插值数据集的均值和标准差 (R)
Mean and Standard deviation of interpolated datasets (R)
我有 8 个已插值的数据集,因此 x 轴间距相同,但它们的长度不同,范围为 800-1200 点。
然后我想做的是计算每个 y 值的平均值和标准差。理想情况下,将有 1200 个点的输出,在单独的列中具有平均值和标准偏差,从那里我可以绘制平均 y 值的图表并添加误差条。
我无法提供数据本身,但这是设置。
任何正确方向的帮助或指示将不胜感激!
#s1 k = 0.4 800 data points
S1dat <- data.frame(x=S[[1]][["K"]], S[[1]][["ShearStress"]])
S1datapprox <- data.frame(approx(S1dat$x, S1dat$y, n = 800))
#s2 k = 0.6 1200 data points
S2dat <- data.frame(x=S[[2]][["K"]], S[[2]][["ShearStress"]])
S2datapprox <- data.frame(approx(S2dat$x, S2dat$y, n = 1200))
#s3 k = 0.34 680 data points
S3dat <- data.frame(x=S[[3]][["K"]], S[[3]][["ShearStress"]])
S3datapprox <- data.frame(approx(S3dat$x, S3dat$y, n = 800))
#s4 k = 0.5 1000 data points
S4dat <- data.frame(x=S[[4]][["K"]], S[[4]][["ShearStress"]])
S4datapprox <- data.frame(approx(S4dat$x, S4dat$y, n = 1000))
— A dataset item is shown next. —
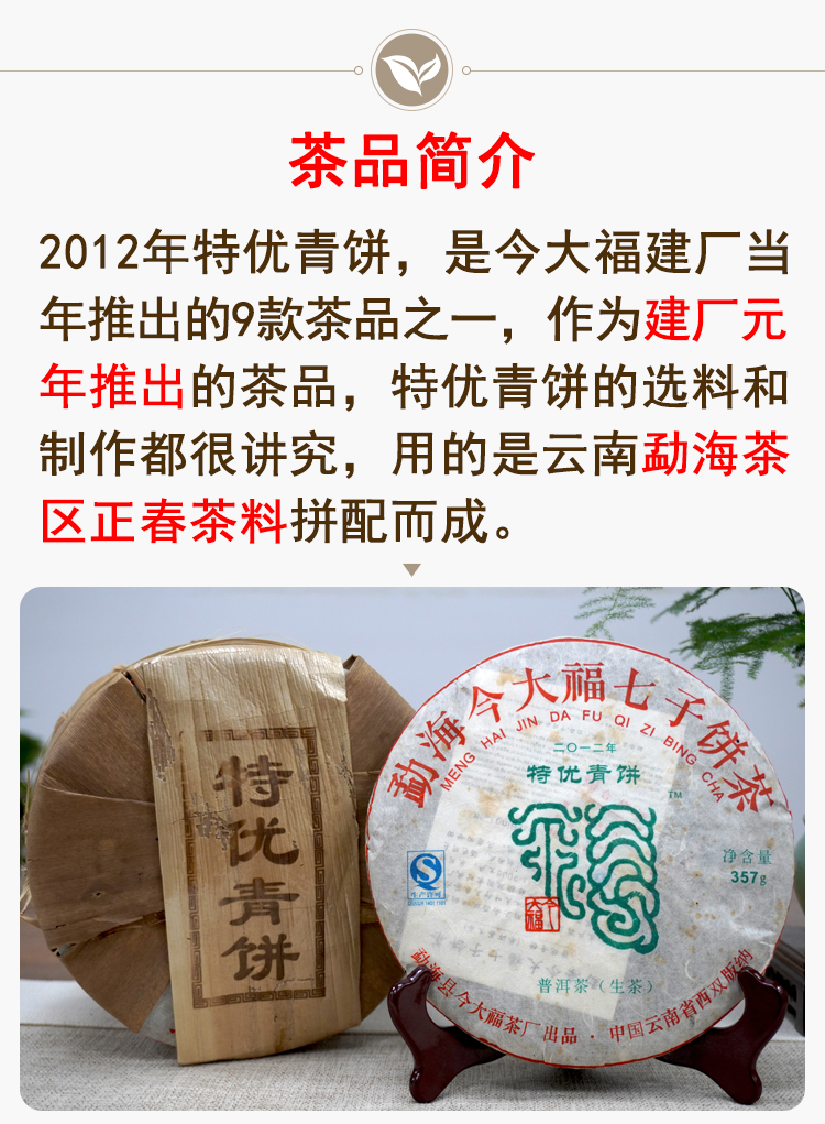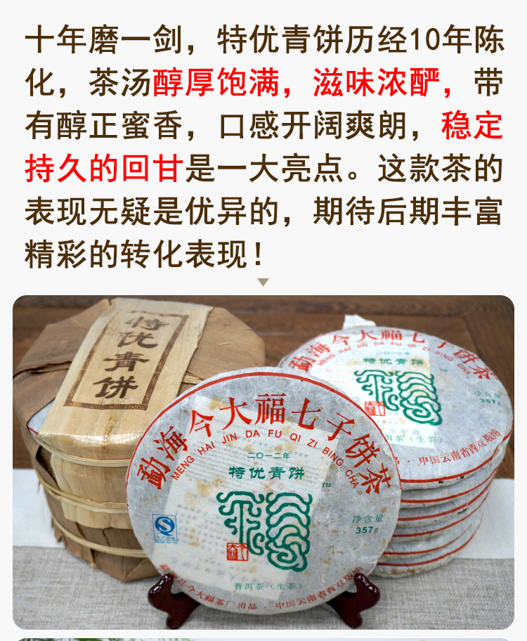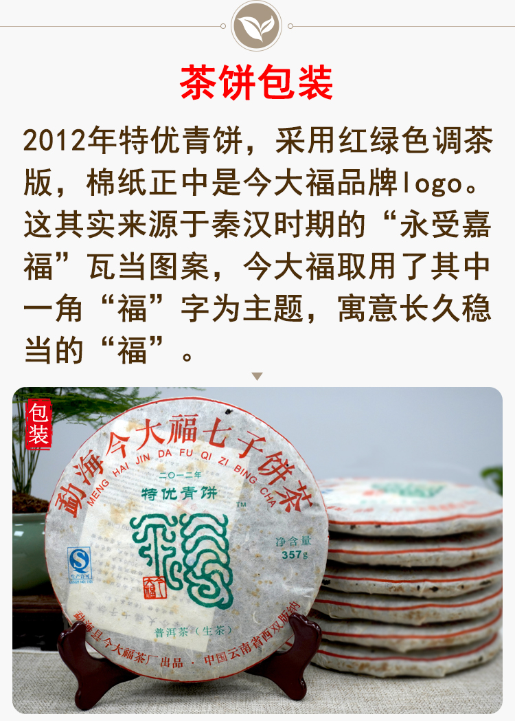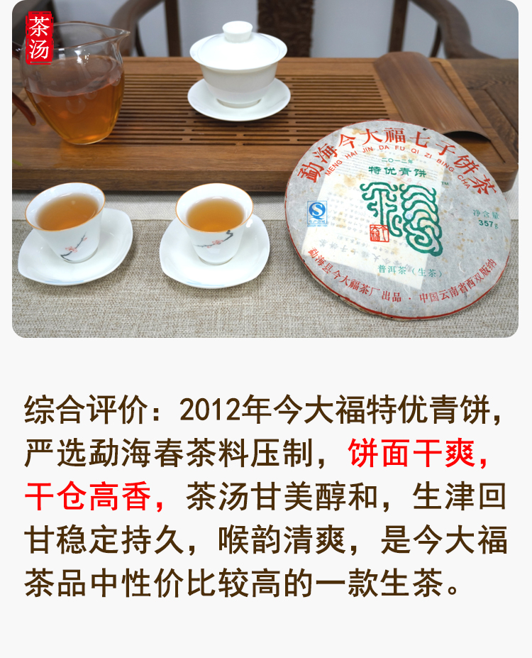 经典2012年今大福特优青饼生茶 今大福建厂年9款茶品之一 干仓高香真品好回甘 高性价比好茶
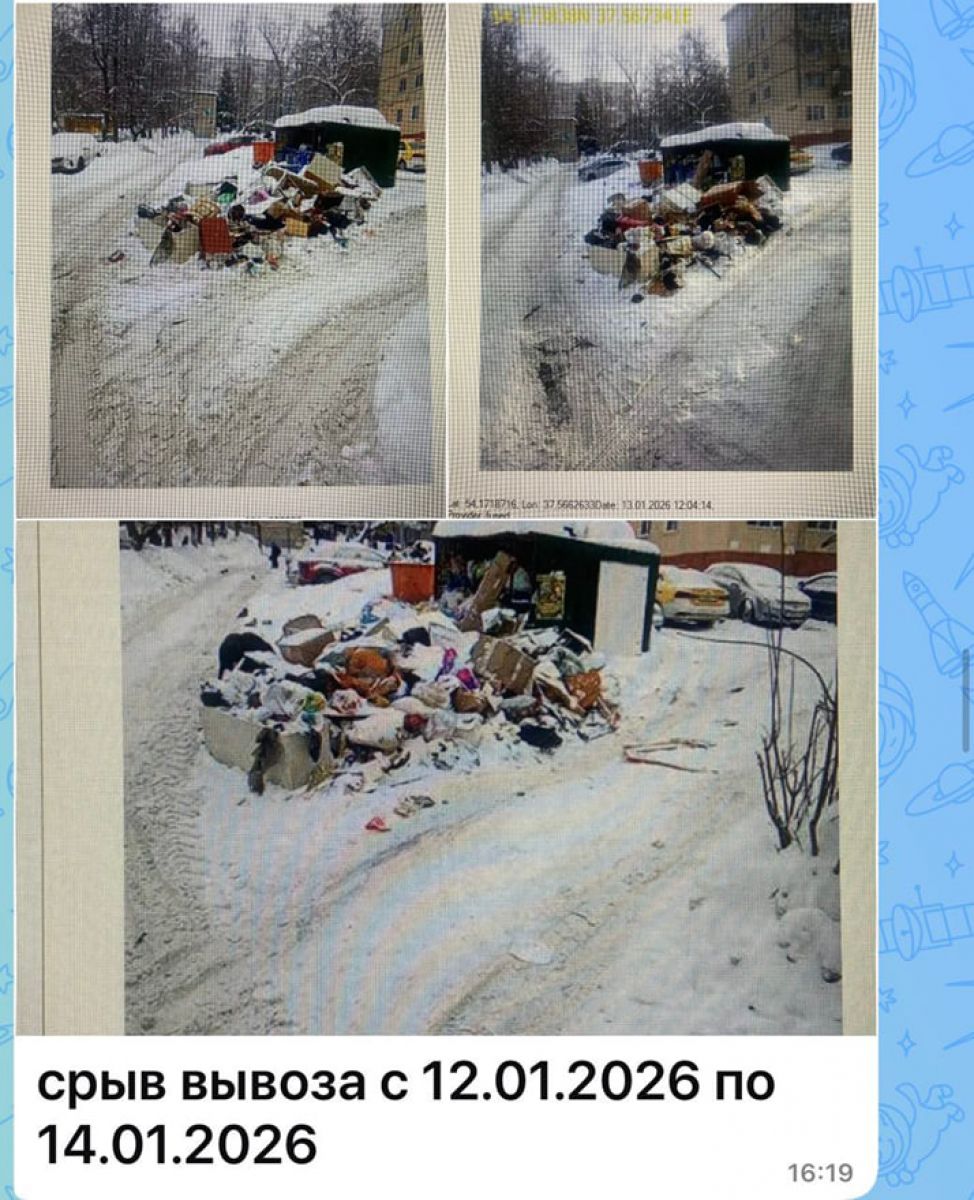 Был зафиксирован срыв вывоза отходов и по адресу ул. 2-й проезд Гастелло, дом 17к2. С 5 по 8 января мы вывозили мусор в штатном режиме. С 9 по 13 января произошел срыв из-за отсутствия возможности подъезда, о чем наша компания сообщила в ответственную за дом ООО «УютДом». 14 января контейнерная площадка была зачищена, при этом работы по расчистке подъездных путей и перед площадкой сделаны не были, что осложнило нам работу.

#s5 k = 0.4 800 data points
S5dat <- data.frame(x=S[[5]][["K"]], S[[5]][["ShearStress"]])
S5datapprox <- data.frame(approx(S5dat$x, S5dat$y, n = 800))
#s6 k = 0.36 720 data points
S6dat <- data.frame(x=S[[6]][["K"]], S[[6]][["ShearStress"]])
S6datapprox <- data.frame(approx(S6dat$x, S6dat$y, n = 720))
#s7 k = 0.4 800 data points
S7dat <- data.frame(x=S[[7]][["K"]], S[[7]][["ShearStress"]])
S7datapprox <- data.frame(approx(S7dat$x, S7dat$y, n = 800))
#s8 k = 0.54 1080 data points
S8dat <- data.frame(x=S[[8]][["K"]], S[[8]][["ShearStress"]])
S8datapprox <- data.frame(approx(S8dat$x, S8dat$y, n = 1080))
str(S)
List of 8
$ :'data.frame': 805 obs. of 3 variables:
..$ K : num [1:805] 0 0.000498 0.000996 0.001494 0.001992 ...
..$ ShearStress : num [1:805] 0 178 356 578 841 ...
..$ NormalStress: num [1:805] 0 -1.77 -5.35 -7.14 -11 -15 -16.7 -20.4 -22 -23.6 ...
$ :'data.frame': 1500 obs. of 3 variables:
..$ K : num [1:1500] 0 0.0004 0.000801 0.001201 0.001602 ...
..$ ShearStress : num [1:1500] 0 23.6 38.3 43.7 68.3 ...
..$ NormalStress: num [1:1500] 0.1 -1.34 -2.49 -4.04 -5.7 -7.28 -9.08 -10.7 -12.5 -14.3 ...
$ :'data.frame': 812 obs. of 3 variables:
..$ K : num [1:812] 0 0.000419 0.000838 0.001257 0.001676 ...
..$ ShearStress : num [1:812] 0 243 547 973 1280 ...
..$ NormalStress: num [1:812] 0 -0.89 -3.63 -6.05 -8.7 -11.5 -14.1 -16.9 -19.3 -22.1 ...
$ :'data.frame': 853 obs. of 3 variables:
..$ K : num [1:853] 0 0.000587 0.001174 0.00176 0.002347 ...
..$ ShearStress : num [1:853] 0 246 480 756 1246 ...
..$ NormalStress: num [1:853] 0 1 3 3 4 ...
$ :'data.frame': 916 obs. of 3 variables:
..$ K : num [1:916] 0 0.000437 0.000874 0.001312 0.001749 ...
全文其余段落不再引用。